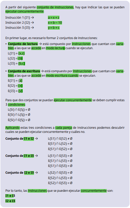 Cada programa se compone de diferentes instrucciones que pueden ser ejecutadas o no simultáneamente - Bernstein
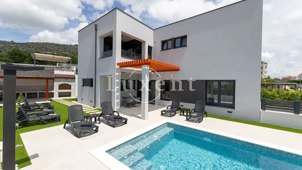 Nabízíme k prodeji elegantní vilu ve vyhledávané lokalitě s výhledem na moře, nedaleko historického města Trogir. Tato výjimečná nemovitost je postavena z vysoce kvalitních materiálů s důrazem na detail, komfort a dlouhodobou udržitelnost.
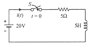 그림의 회로에서 t=0s에 스위치(S)를 닫은 후 t=1s일 때 이 회로에 흐르는 전류는 약 몇 A인가?
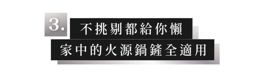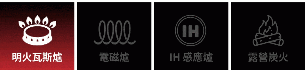 A:GUSTO 3.0 藍鋼料理鍋系列各種火源都適用!明火瓦斯爐、電磁爐、IH 爐到露營炭火一概隨時開伙沒問題。
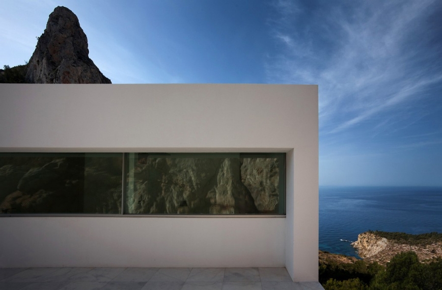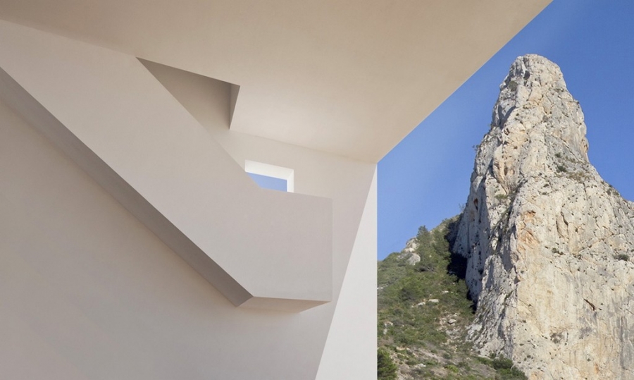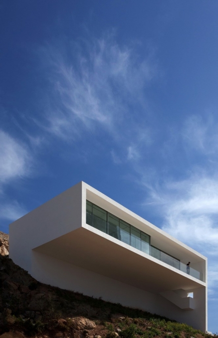 Белоснежная вилла в Испании спроектирована и построена специалистами компании Fran Silvestre Arquitectos.  Несмотря на внушительные размеры, эта вилла свисающая с края крутого утеса кажется воздушной и невесомой.
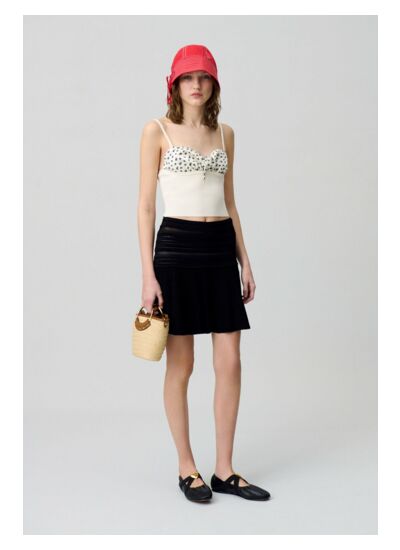 Top court bi matière avec fines bretelles et empiècement floral
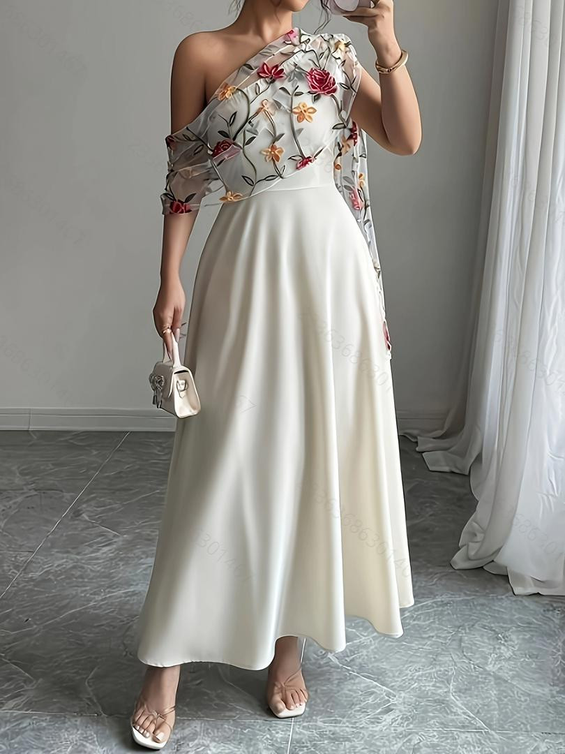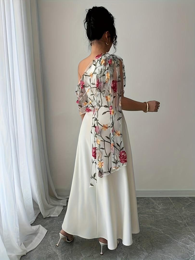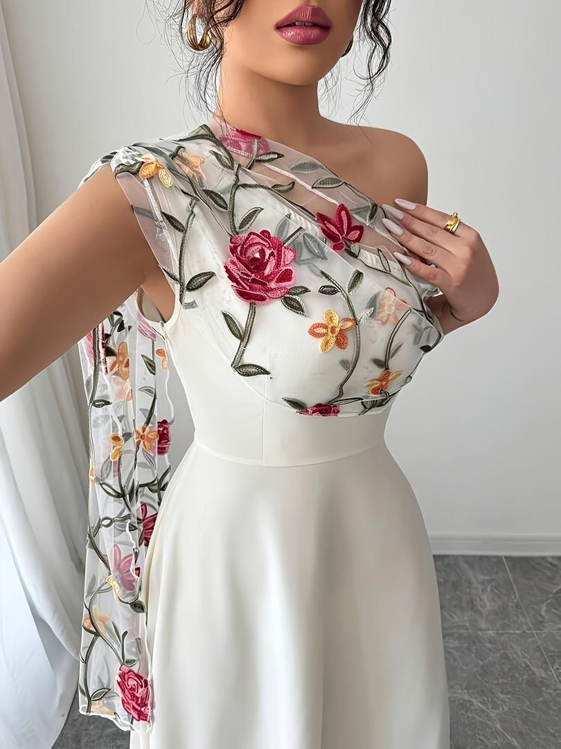فستان أنيق بكتف مائل بتطريز زهور ناعمة من التول وبقصة خصر تحدد القوام بلمسة راقية
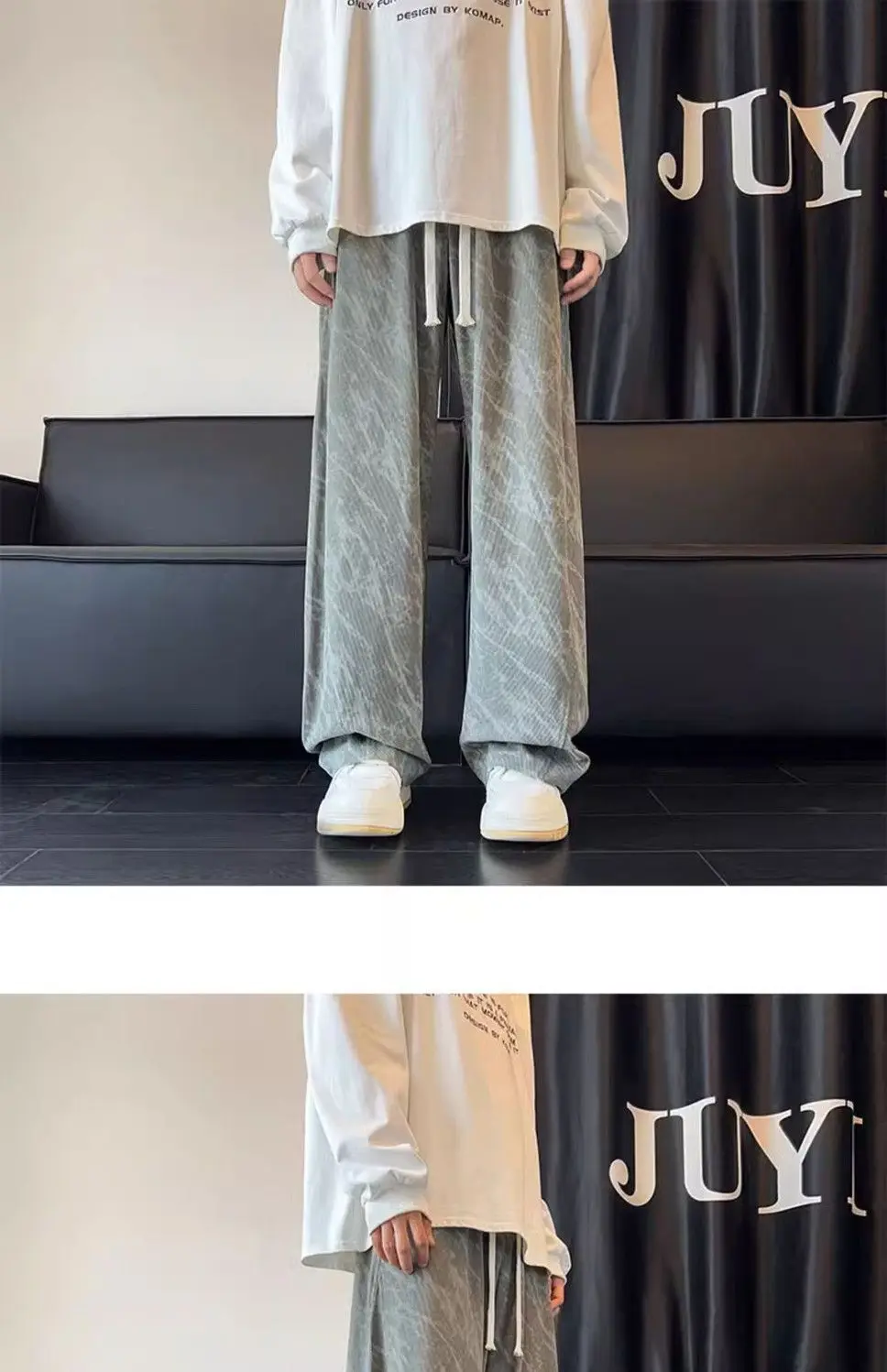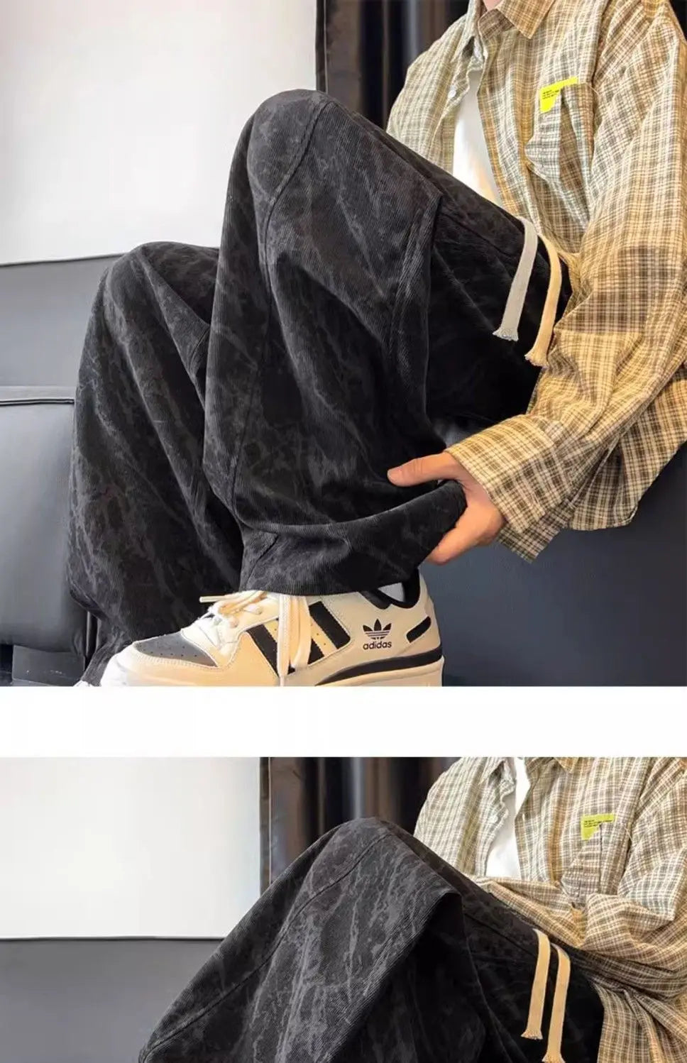 Corduroy Men's Pants Trendy Casual Spor Straight Leg Fce Lined Wide Leg Autumn Winter High Street Cool American Sle
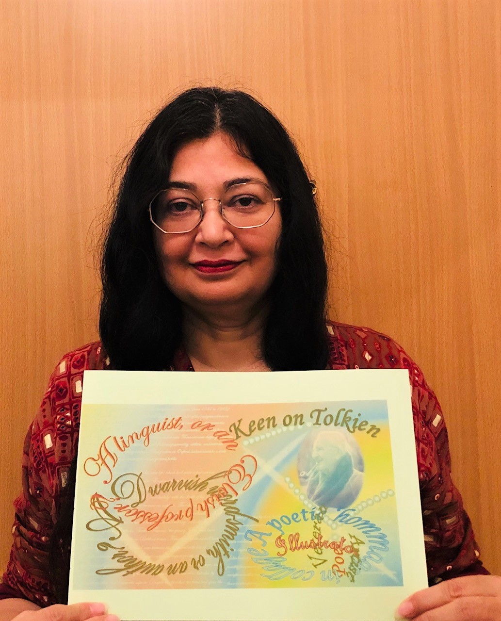 A little-explored topic is the similarity between Celtic languages and Sanskrit. Since Quenya is inspired partly by Welsh, it would be a gigantic task to identify the roots of certain words in Quenya, as originating in Welsh and by extension possibly in Sanskrit. Therefore, studying Tolkien’s worlds, or the works of other major writers from the lens of other cultures can lead to new avenues of research, bringing diverse societies closer together, as we could begin to appreciate the values we have in common more than our differences. Though it was challenging, I managed to translate an excerpt each from The Hobbit and Lord of the Rings into Urdu, which I then recorded and sent to the Tolkien Society. My videos were displayed on Tolkien Reading Day 2021, along with others in different languages on the website of the University of Glasgow Centre for Fantasy and the Fantastic.

-=-=-=-=-

**WHAT YOU WILL DO:** Leave out the pictures and retype the rest of the entries exactly.

**ANSWER AREA:**
 Cada programa se compone de diferentes instrucciones que pueden ser ejecutadas o no simultáneamente - Bernstein
 Nabízíme k prodeji elegantní vilu ve vyhledávané lokalitě s výhledem na moře, nedaleko historického města Trogir. Tato výjimečná nemovitost je postavena z vysoce kvalitních materiálů s důrazem na detail, komfort a dlouhodobou udržitelnost.
 그림의 회로에서 t=0s에 스위치(S)를 닫은 후 t=1s일 때 이 회로에 흐르는 전류는 약 몇 A인가?
 A:GUSTO 3.0 藍鋼料理鍋系列各種火源都適用!明火瓦斯爐、電磁爐、IH 爐到露營炭火一概隨時開伙沒問題。
 Белоснежная вилла в Испании спроектирована и построена специалистами компании Fran Silvestre Arquitectos.  Несмотря на внушительные размеры, эта вилла свисающая с края крутого утеса кажется воздушной и невесомой.
 Top court bi matière avec fines bretelles et empiècement floral
فستان أنيق بكتف مائل بتطريز زهور ناعمة من التول وبقصة خصر تحدد القوام بلمسة راقية
 Corduroy Men's Pants Trendy Casual Spor Straight Leg Fce Lined Wide Leg Autumn Winter High Street Cool American Sle
 A little-explored topic is the similarity between Celtic languages and Sanskrit. Since Quenya is inspired partly by Welsh, it would be a gigantic task to identify the roots of certain words in Quenya, as originating in Welsh and by extension possibly in Sanskrit. Therefore, studying Tolkien’s worlds, or the works of other major writers from the lens of other cultures can lead to new avenues of research, bringing diverse societies closer together, as we could begin to appreciate the values we have in common more than our differences. Though it was challenging, I managed to translate an excerpt each from The Hobbit and Lord of the Rings into Urdu, which I then recorded and sent to the Tolkien Society. My videos were displayed on Tolkien Reading Day 2021, along with others in different languages on the website of the University of Glasgow Centre for Fantasy and the Fantastic.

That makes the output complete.